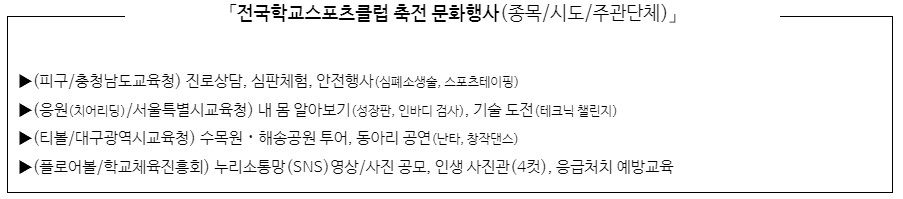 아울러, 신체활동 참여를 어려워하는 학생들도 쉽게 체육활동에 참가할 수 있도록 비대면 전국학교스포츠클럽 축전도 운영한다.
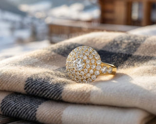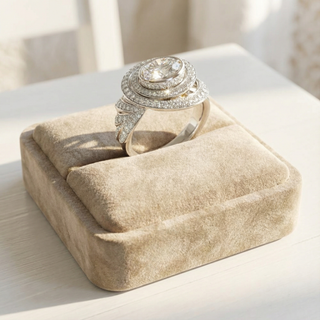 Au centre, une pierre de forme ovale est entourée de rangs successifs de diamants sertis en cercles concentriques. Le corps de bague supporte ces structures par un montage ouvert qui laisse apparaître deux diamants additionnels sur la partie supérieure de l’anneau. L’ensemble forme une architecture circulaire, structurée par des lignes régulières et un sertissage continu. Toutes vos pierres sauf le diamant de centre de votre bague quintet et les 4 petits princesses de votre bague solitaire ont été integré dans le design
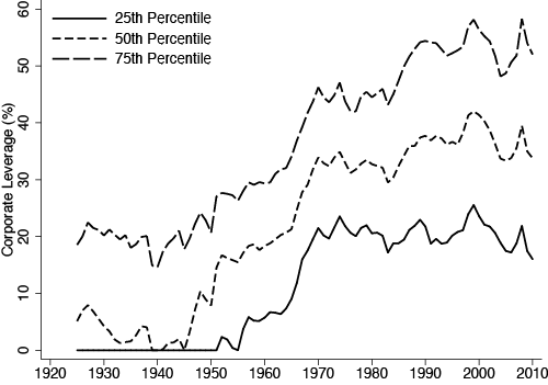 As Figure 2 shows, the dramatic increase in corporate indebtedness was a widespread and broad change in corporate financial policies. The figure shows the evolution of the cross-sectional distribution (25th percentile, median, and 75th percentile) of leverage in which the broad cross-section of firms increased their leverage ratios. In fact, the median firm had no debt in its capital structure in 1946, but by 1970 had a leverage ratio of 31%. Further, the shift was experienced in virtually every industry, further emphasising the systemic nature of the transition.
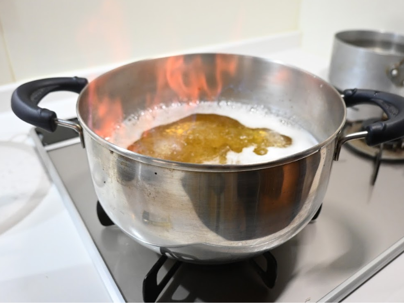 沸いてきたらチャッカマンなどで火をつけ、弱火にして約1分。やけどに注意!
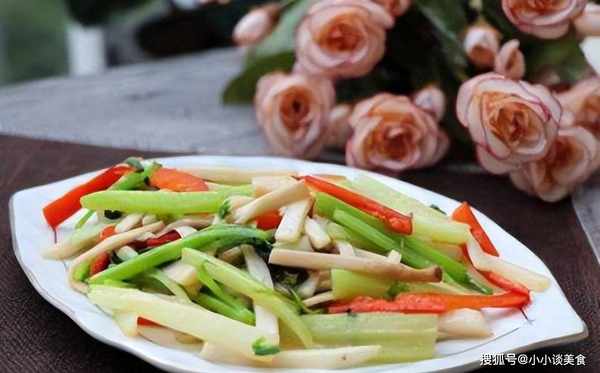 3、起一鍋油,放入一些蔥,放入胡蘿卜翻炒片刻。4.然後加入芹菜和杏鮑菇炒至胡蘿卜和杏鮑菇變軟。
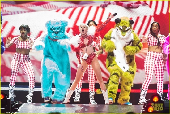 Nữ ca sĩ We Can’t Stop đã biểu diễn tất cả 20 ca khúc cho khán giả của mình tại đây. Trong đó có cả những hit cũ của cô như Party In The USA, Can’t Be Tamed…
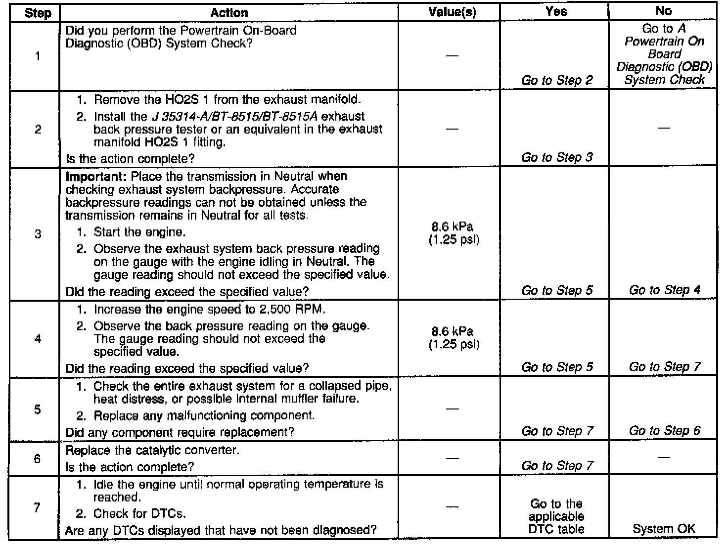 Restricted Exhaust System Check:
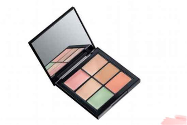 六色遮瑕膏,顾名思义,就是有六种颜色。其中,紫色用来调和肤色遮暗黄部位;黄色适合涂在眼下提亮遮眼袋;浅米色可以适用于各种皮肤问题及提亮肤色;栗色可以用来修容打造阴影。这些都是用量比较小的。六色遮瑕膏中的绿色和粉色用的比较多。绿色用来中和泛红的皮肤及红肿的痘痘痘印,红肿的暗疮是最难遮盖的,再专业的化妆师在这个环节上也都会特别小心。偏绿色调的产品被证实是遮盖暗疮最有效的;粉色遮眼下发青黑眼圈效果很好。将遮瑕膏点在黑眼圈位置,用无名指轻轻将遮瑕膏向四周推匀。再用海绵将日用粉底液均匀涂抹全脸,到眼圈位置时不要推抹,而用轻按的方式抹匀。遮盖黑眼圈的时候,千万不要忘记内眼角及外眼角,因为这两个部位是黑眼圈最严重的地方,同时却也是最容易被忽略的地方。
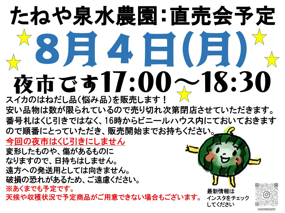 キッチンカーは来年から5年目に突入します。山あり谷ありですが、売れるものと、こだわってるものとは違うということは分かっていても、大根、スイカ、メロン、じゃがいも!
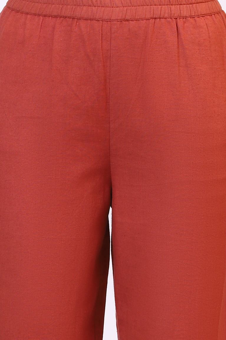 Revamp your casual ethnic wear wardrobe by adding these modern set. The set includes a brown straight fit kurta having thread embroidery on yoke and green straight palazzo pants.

·····

**Required work**.
Starting at the line containing "3、起一鍋油,放入一些蔥,放" and stopping at the line containing "Restricted Exhaust System", output every line above exactly, both ends included, with pictures omitted.

**Problem solution**.
 3、起一鍋油,放入一些蔥,放入胡蘿卜翻炒片刻。4.然後加入芹菜和杏鮑菇炒至胡蘿卜和杏鮑菇變軟。
 Nữ ca sĩ We Can’t Stop đã biểu diễn tất cả 20 ca khúc cho khán giả của mình tại đây. Trong đó có cả những hit cũ của cô như Party In The USA, Can’t Be Tamed…
 Restricted Exhaust System Check:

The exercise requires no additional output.